Data records –
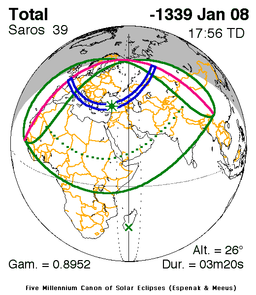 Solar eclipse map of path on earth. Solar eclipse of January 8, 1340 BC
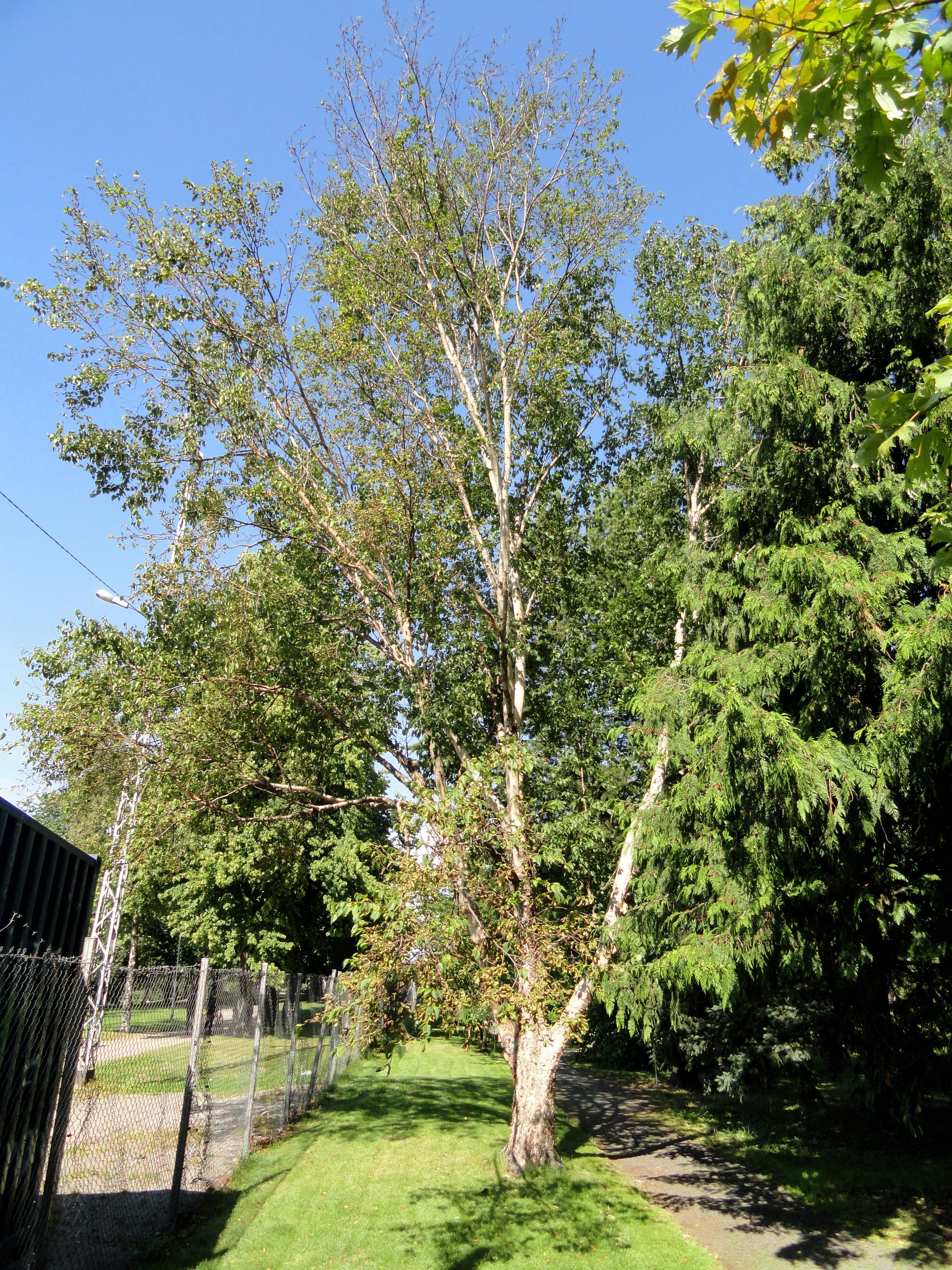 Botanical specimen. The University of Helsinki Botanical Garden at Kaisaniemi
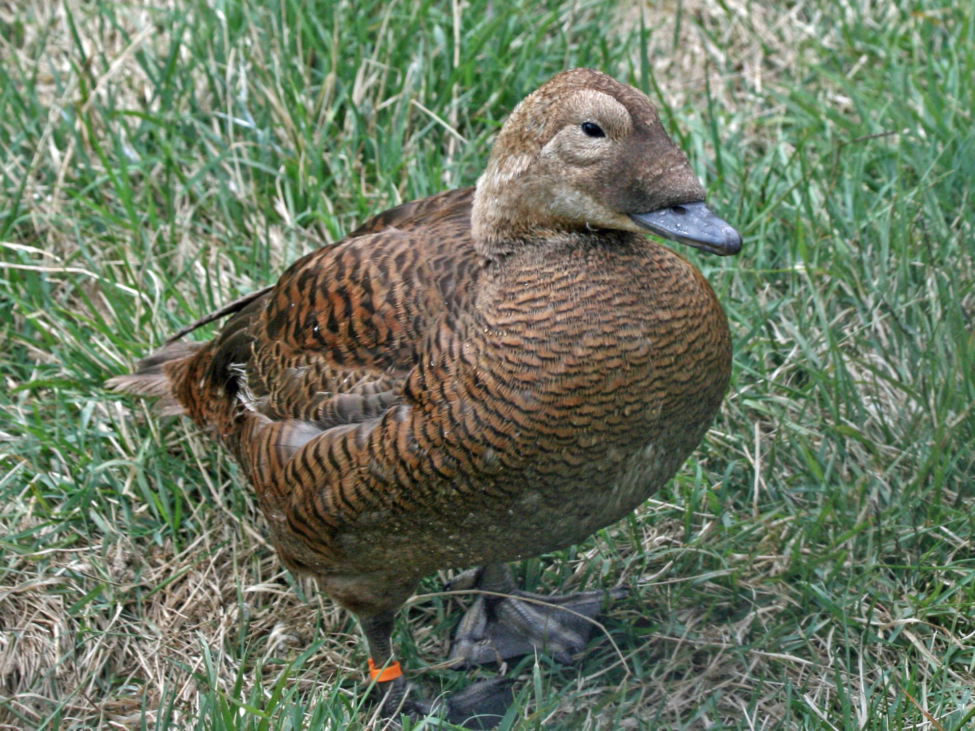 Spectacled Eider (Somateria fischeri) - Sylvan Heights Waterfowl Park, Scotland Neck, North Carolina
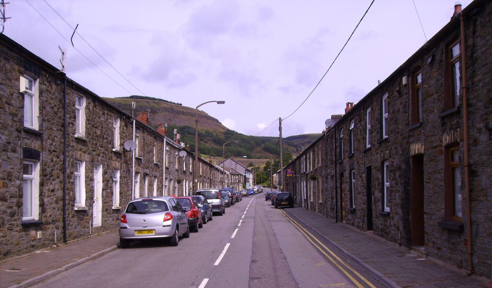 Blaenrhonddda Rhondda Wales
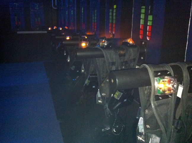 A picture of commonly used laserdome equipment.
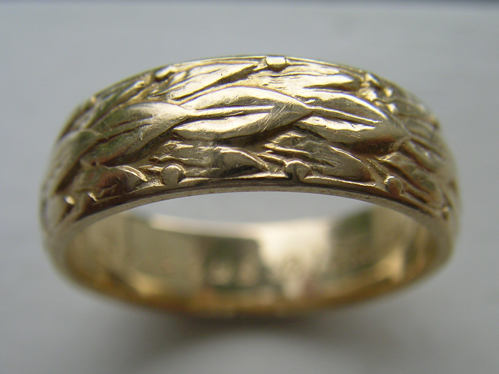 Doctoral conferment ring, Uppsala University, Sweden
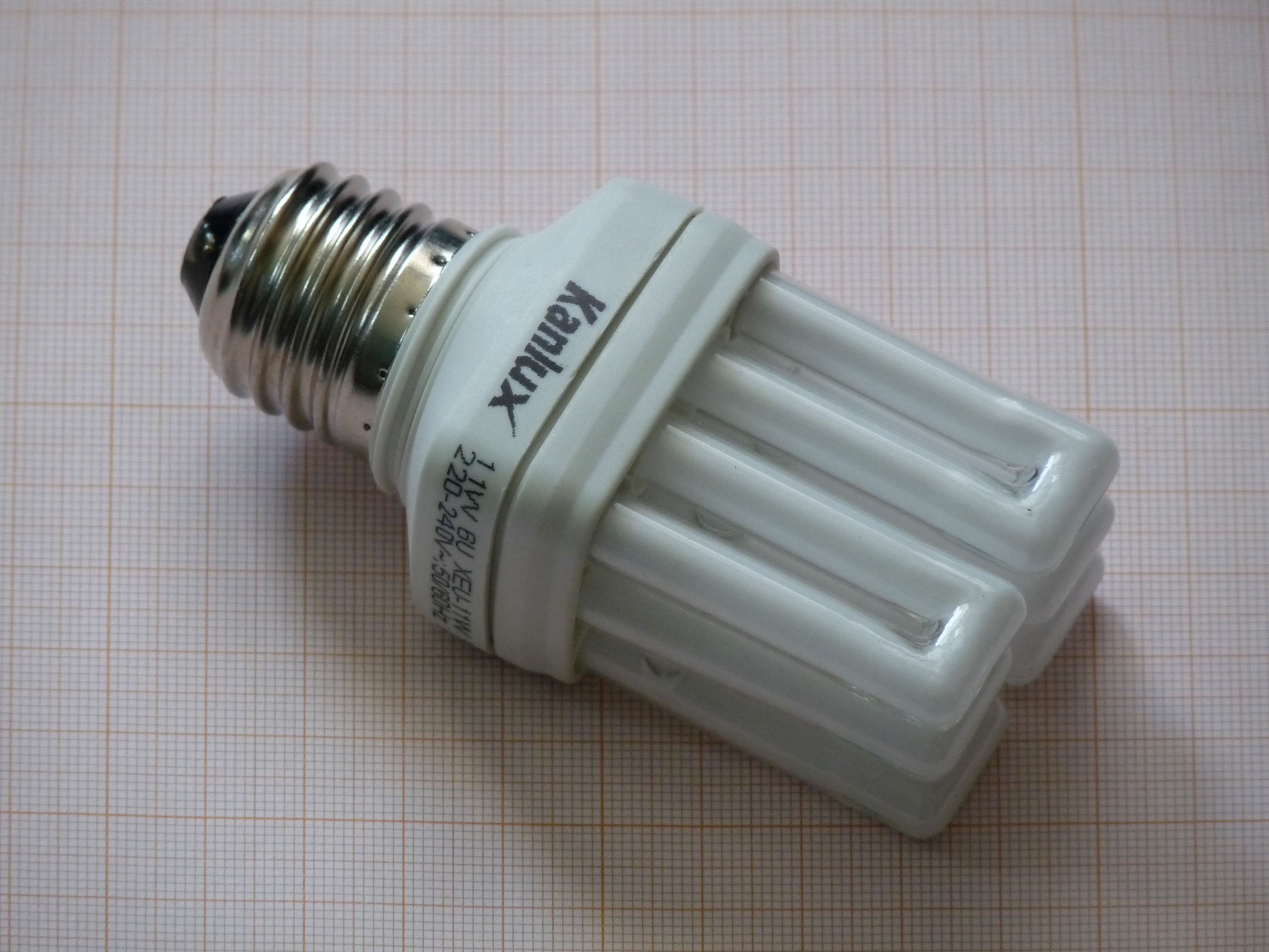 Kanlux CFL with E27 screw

Problem to work on – Without the pictures, return the entries exactly as they appear.

Finished exercise –
 Solar eclipse map of path on earth. Solar eclipse of January 8, 1340 BC
 Botanical specimen. The University of Helsinki Botanical Garden at Kaisaniemi
 Spectacled Eider (Somateria fischeri) - Sylvan Heights Waterfowl Park, Scotland Neck, North Carolina
 Blaenrhonddda Rhondda Wales
 A picture of commonly used laserdome equipment.
 Doctoral conferment ring, Uppsala University, Sweden
 Kanlux CFL with E27 screw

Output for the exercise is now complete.